#### [TRY IT]
From the records that follow, return exactly the lines beginning at the one that contains "Najnestabilniji dani biće" and ending at the one that contains "<p>Isolated red fisherman", pictures left out.
___ DATA EXTRACTS
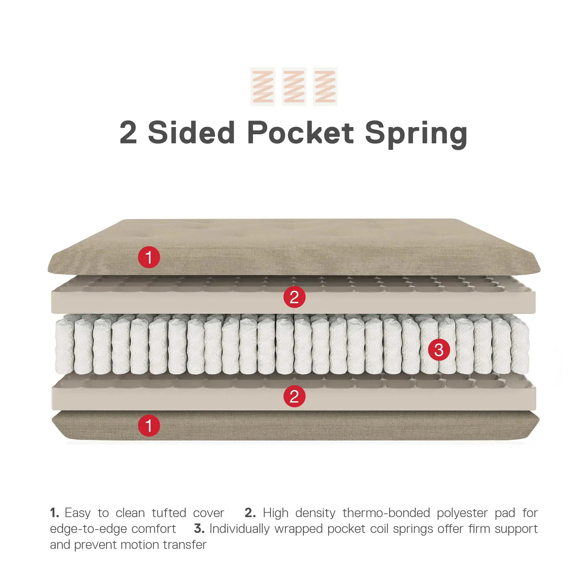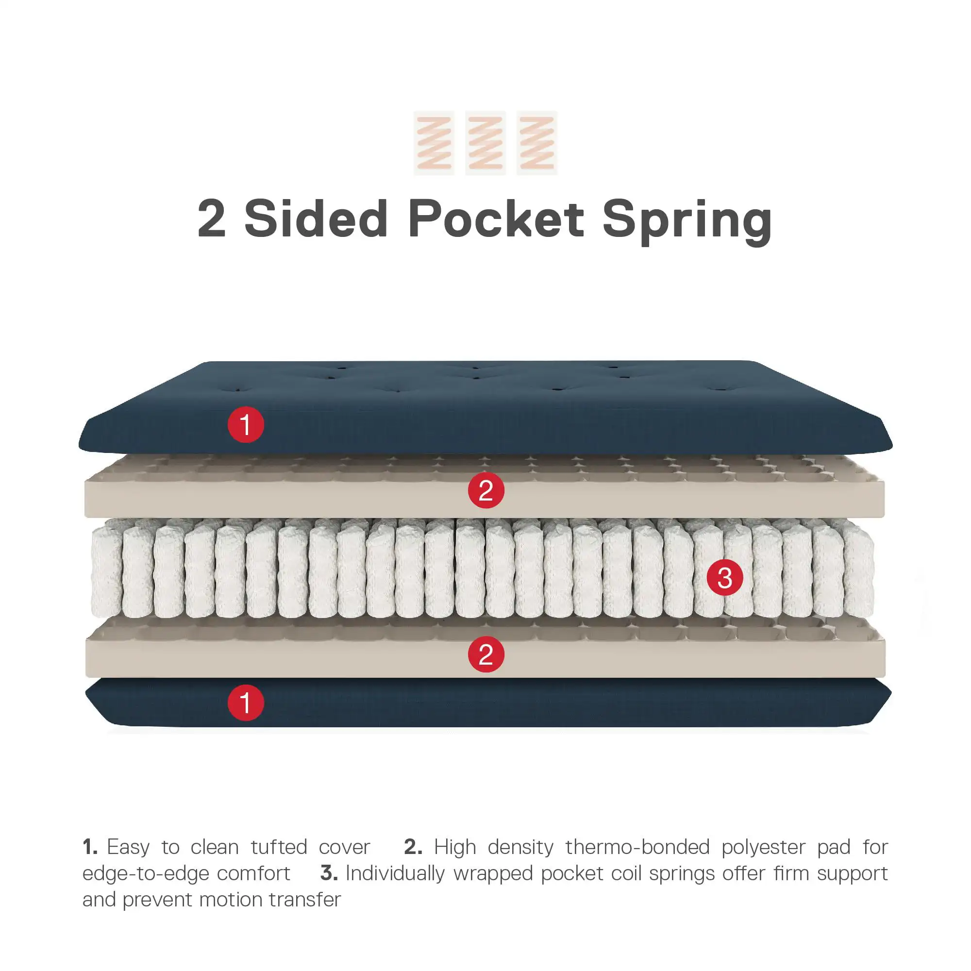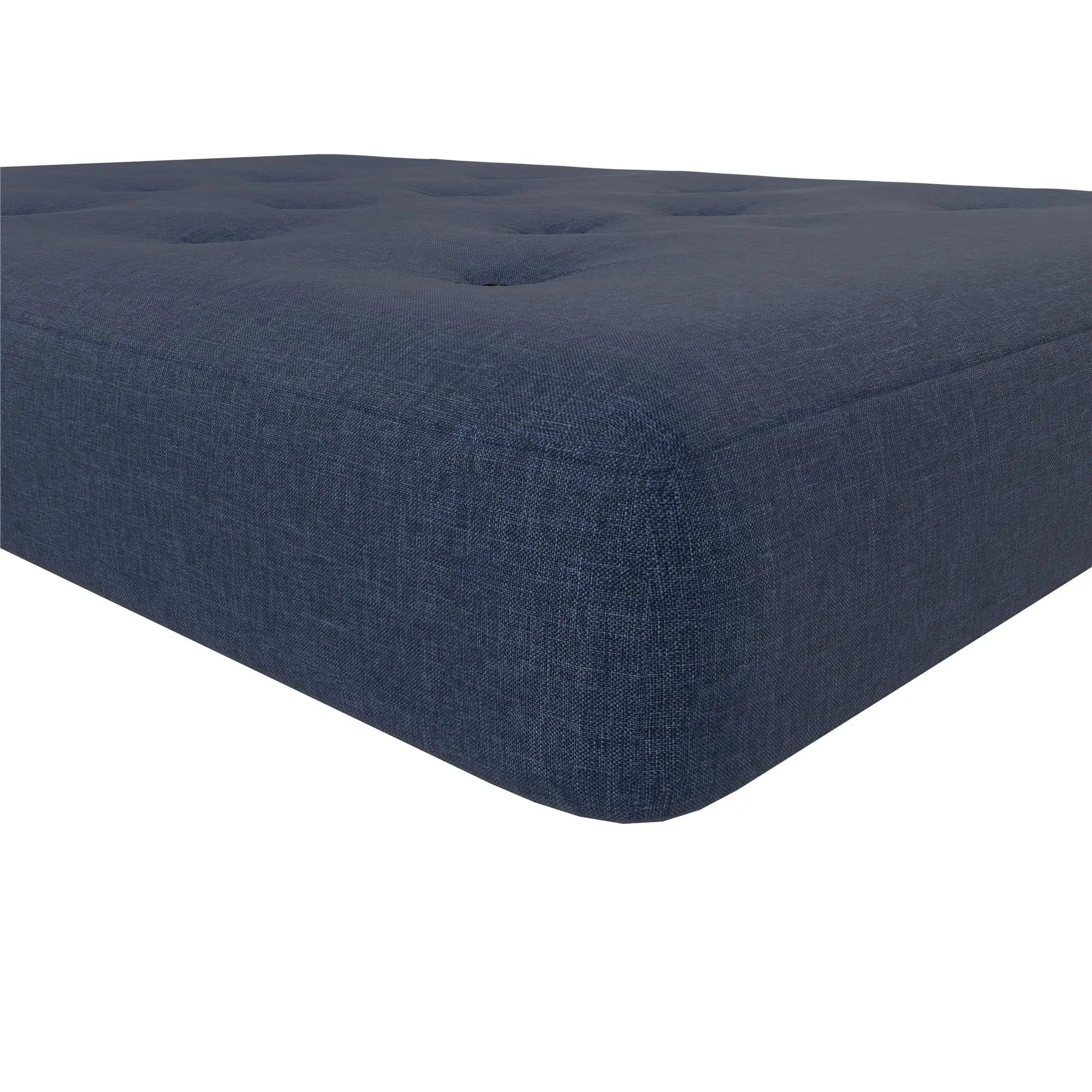 Lasting comfort is only moments away with the DHP Trule 8" Pocket Coil Reversible Full Size Futon Mattress. Designed for people who crave a sag-less sitting and sleeping experience, the Trule serves as an ideal accessory for your full-size futon frame (sold separately) while amplifying your pragmatic living room and home office style. Featuring 486-count independently encased steel spring coils wrapped between 2-sided layers of thermobonded high-density polyester padding, the Truleâs flippable design lets you rotate your mattress to minimize wear and tear and satisfies your need for firm level support. Covered in rich linen-like fabric with classic tufting that helps retain mattress shape, this easily foldable 3-seater and double sleeper combo is the perfect base for your sofa and guest bed. Assembled in Canada, its composition consists of 50% recycled polyester fibers to aid environmental sustainability efforts and it has gained GreenGuard Gold Certification for safeguarding clean indoor air. Available in assorted colors.
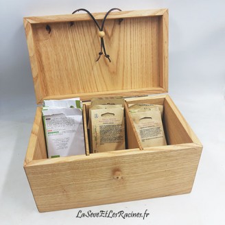Boîte pour sachets de graines en bois de châtaignier. 31x16,5x16,5cm env.
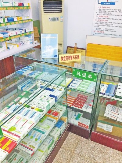 像這樣擺出“執(zhí)業(yè)藥師暫不在崗”的藥店不在少數(shù)
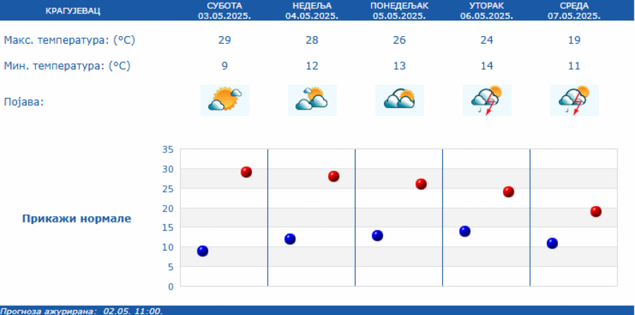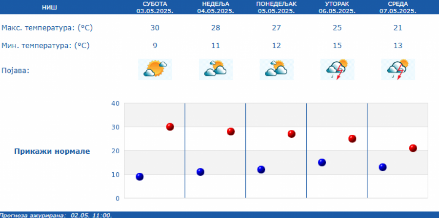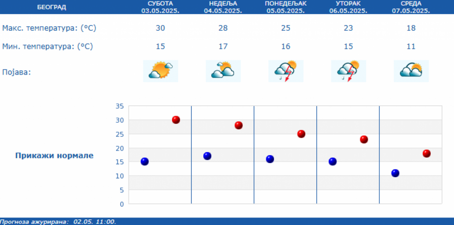 Najnestabilniji dani biće ponedeljak i utorak (5. i 6. maj) kada su lokalno moguće obilnije padavine, kratkotrajna pojava grada i jak vetar u zoni najjačih pljuskova.
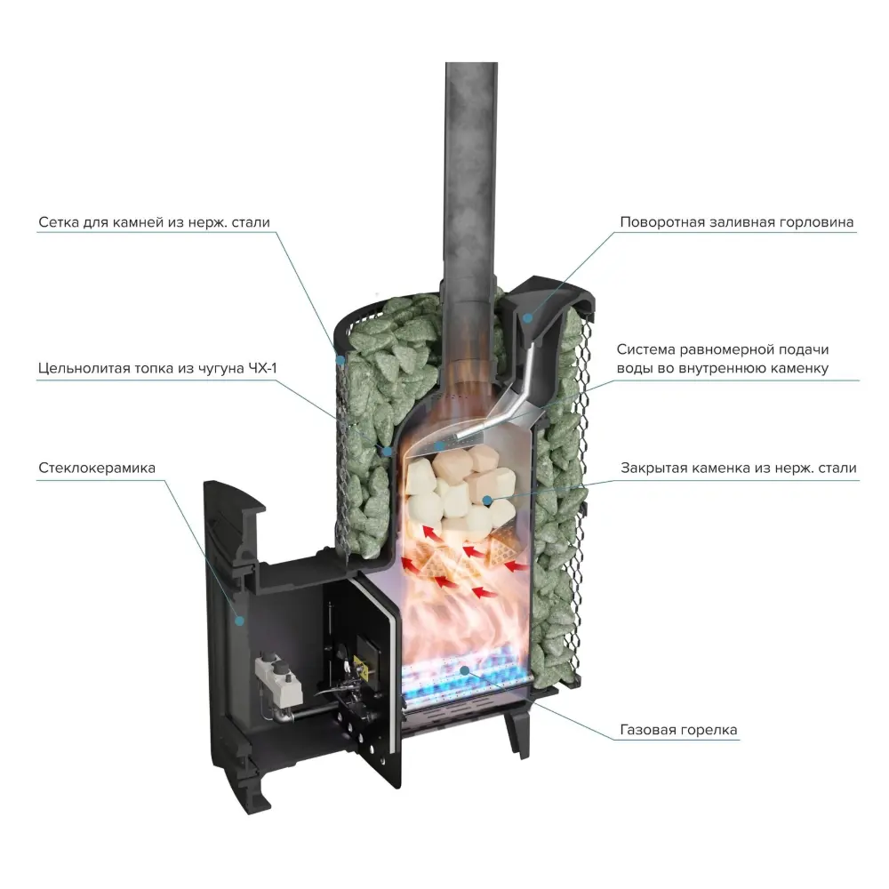 Специальная конструкция каменки из нержавеющей стали
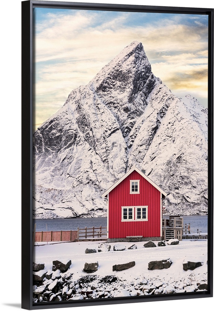 <p>Isolated red fisherman cabin with snowcapped mountain on background at sunset, Sakrisoy, Reine, Lofoten Islands, Norway</p>
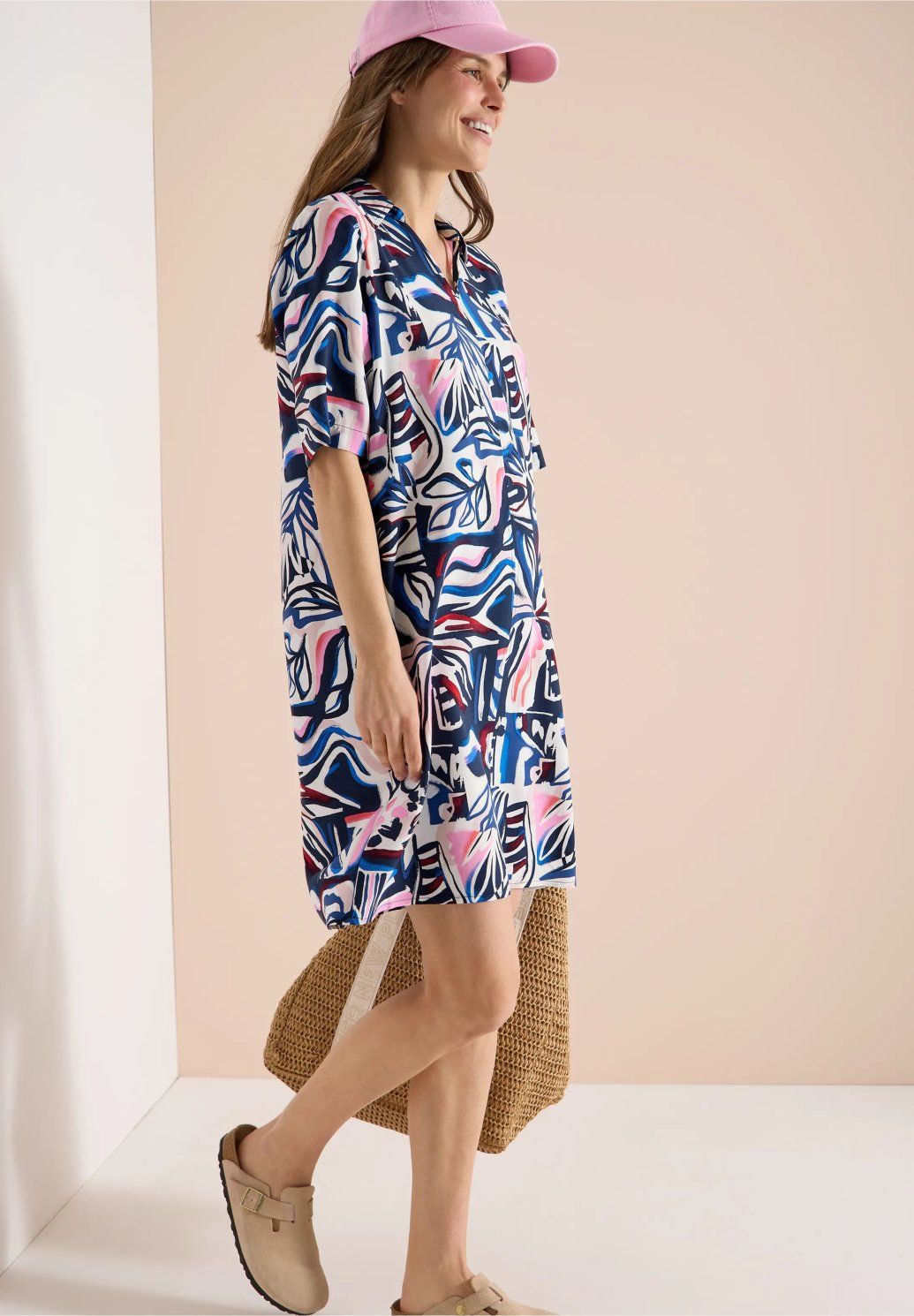 Lehké a vzdušné šaty, které zaujmou na první pohled výrazným barevným vzorem. Volnější střih zajišťuje maximální pohodlí při nošení, zatímco košilový límeček a zapínání na knoflíky dodávají šatům elegantní, ale stále ležérní vzhled. Krátké rukávy a příjemný materiál z nich dělají ideální kousek na teplé dny – do města, na dovolenou i volný čas. Stačí doplnit sandály nebo tenisky a máte perfektní letní outfit.
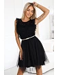 GRETA - šaty s čipkou, tylovou sukňou a zlatým opaskom. farba: modrá. značka numoco. európska výroba.
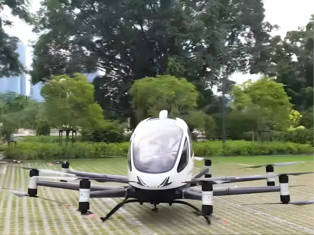 The star of the show is the EH216-S, an electric vertical take-off and landing aircraft that looks like a massive drone but carries people instead of parcels. It runs on battery power and flies automatically without a pilot.
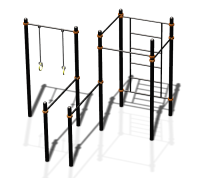 Конструкция спортивного комплекса для тренировок на улице. Представленный проект включает в себя основные элементы, на которых выполняя упражнения включаются все мышцы. Тип конструкции – сборно-разборный, поэтому она доставляется на объект отдельными элементами и монтируется на месте.
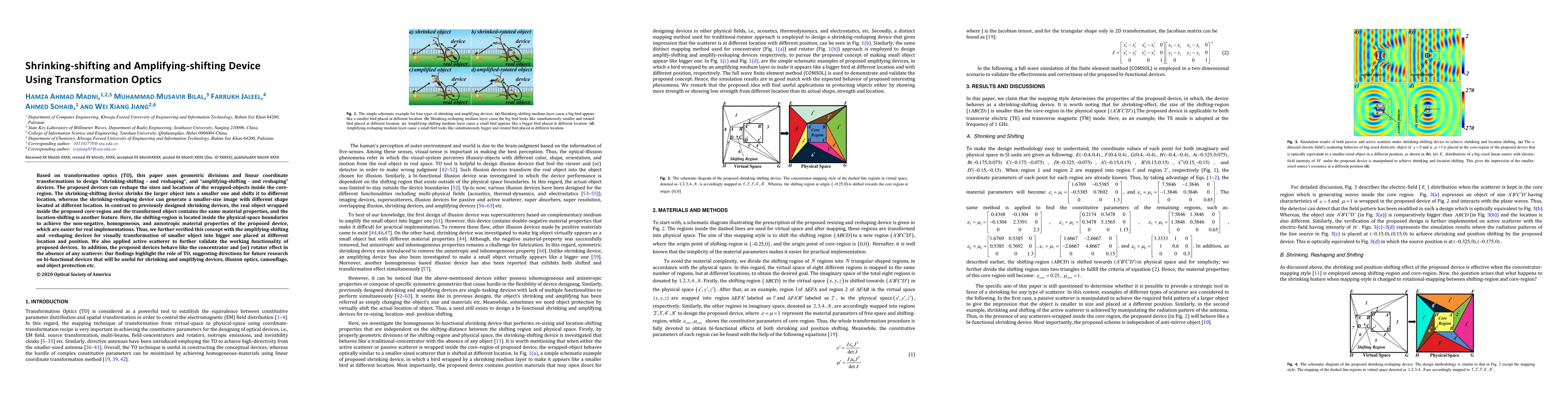 Based on transformation optics (TO), this paper uses geometric divisions and linear coordinate transformations to design shrinking-shifting - and reshaping, and amplifying-shifting - and reshaping devices. The proposed devices can reshape the sizes and locations of the wrapped-objects inside the core-region. The shrinking-shifting device shrinks the larger object into a smaller one and shifts it to different location, whereas the shrinking-reshaping device can generate a smaller-size image with different shape located at different location. In contrast to previously designed shrinking devices, the real object wrapped inside the proposed core-region and the transformed object contains the same material properties, and the location-shifting is another feature. Here, the shifting-region is located inside the physical-space boundaries to achieve the non-negative, homogeneous, and anisotropic material properties of the proposed device, which are easier for real implementations. Thus, we further verified this concept with the amplifying-shifting and -reshaping devices for visually transformation of smaller object into bigger one placed at different location and position. We also applied active scatterer to further validate the working functionality of proposed devices. In addition, the proposed devices behave like the concentrator and or rotator effect in the absence of any scatterer. Our findings highlight the role of TO, suggesting directions for future research on bi-functional devices that will be useful for shrinking and amplifying devices, illusion optics, camouflage, and object protection etc. Keywords: amplifying, reshaping, shrinking, transformation optics, invisibility cloaks
______
#### [ANSWER BELOW]
 Najnestabilniji dani biće ponedeljak i utorak (5. i 6. maj) kada su lokalno moguće obilnije padavine, kratkotrajna pojava grada i jak vetar u zoni najjačih pljuskova.
 Специальная конструкция каменки из нержавеющей стали
 <p>Isolated red fisherman cabin with snowcapped mountain on background at sunset, Sakrisoy, Reine, Lofoten Islands, Norway</p>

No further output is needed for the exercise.